───── Listed entries
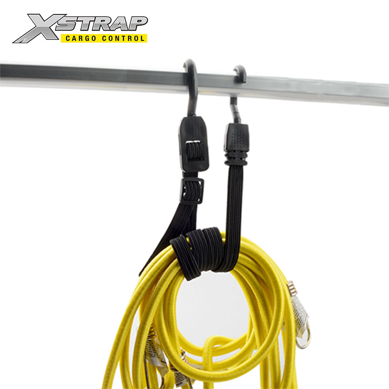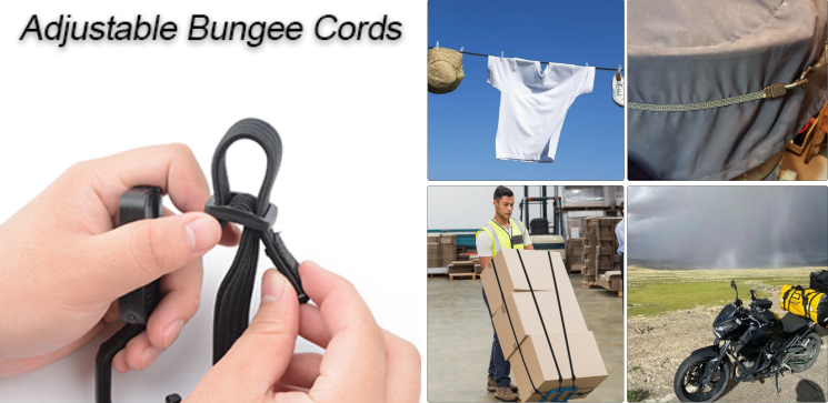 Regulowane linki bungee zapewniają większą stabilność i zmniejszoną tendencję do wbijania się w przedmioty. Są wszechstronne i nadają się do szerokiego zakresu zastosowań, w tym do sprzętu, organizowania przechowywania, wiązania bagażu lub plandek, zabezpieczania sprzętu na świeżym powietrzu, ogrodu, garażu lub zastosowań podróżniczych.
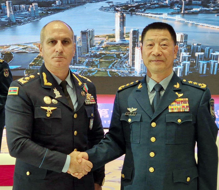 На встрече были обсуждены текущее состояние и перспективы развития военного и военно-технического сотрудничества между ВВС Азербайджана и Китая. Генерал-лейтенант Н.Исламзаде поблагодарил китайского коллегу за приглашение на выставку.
──────────
───── Listed entries
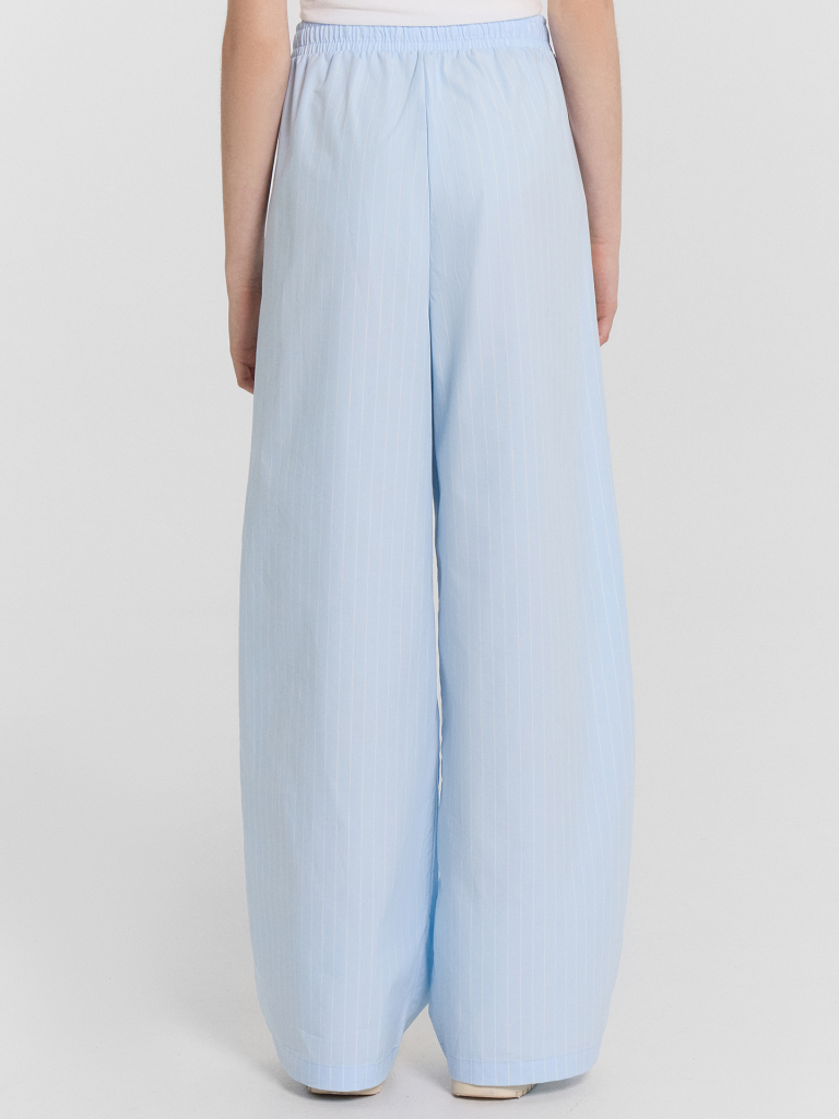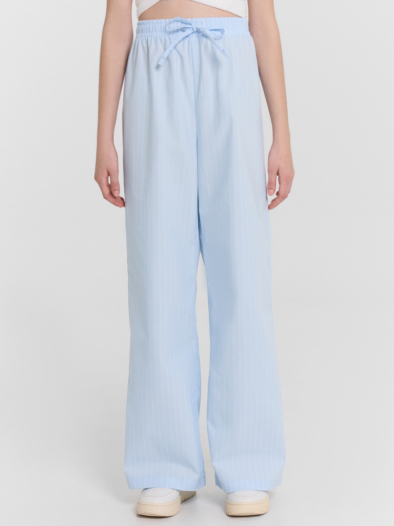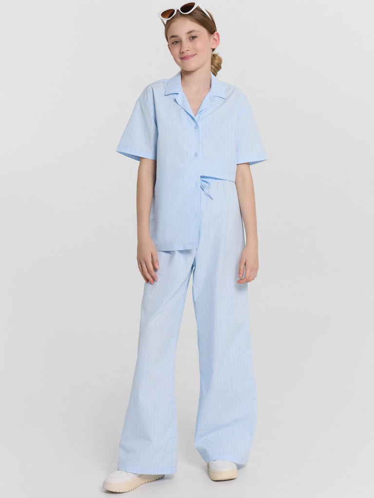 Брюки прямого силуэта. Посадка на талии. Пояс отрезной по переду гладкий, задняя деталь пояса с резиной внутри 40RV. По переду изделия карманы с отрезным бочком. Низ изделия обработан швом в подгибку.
──────────
───── Listed entries
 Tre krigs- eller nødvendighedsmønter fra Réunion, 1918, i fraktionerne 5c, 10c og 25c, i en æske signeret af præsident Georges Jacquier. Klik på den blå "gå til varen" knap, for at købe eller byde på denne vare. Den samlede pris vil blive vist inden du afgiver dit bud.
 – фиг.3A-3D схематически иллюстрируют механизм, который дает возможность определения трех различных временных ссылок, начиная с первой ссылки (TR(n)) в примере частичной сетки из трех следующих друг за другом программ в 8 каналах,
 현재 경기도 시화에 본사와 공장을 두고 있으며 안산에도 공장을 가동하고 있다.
──────────
Work instructions
From the material above, set down exactly the lines starting at the one with "фиг.3A-3D схематически иллюстрируют" and ending at the one with "현재 경기도 시화에 본사와 공장을 두고 있으며 안산에도 공장을 가동하고 있다.", end lines included.

Solution for this exercise
 – фиг.3A-3D схематически иллюстрируют механизм, который дает возможность определения трех различных временных ссылок, начиная с первой ссылки (TR(n)) в примере частичной сетки из трех следующих друг за другом программ в 8 каналах,
 현재 경기도 시화에 본사와 공장을 두고 있으며 안산에도 공장을 가동하고 있다.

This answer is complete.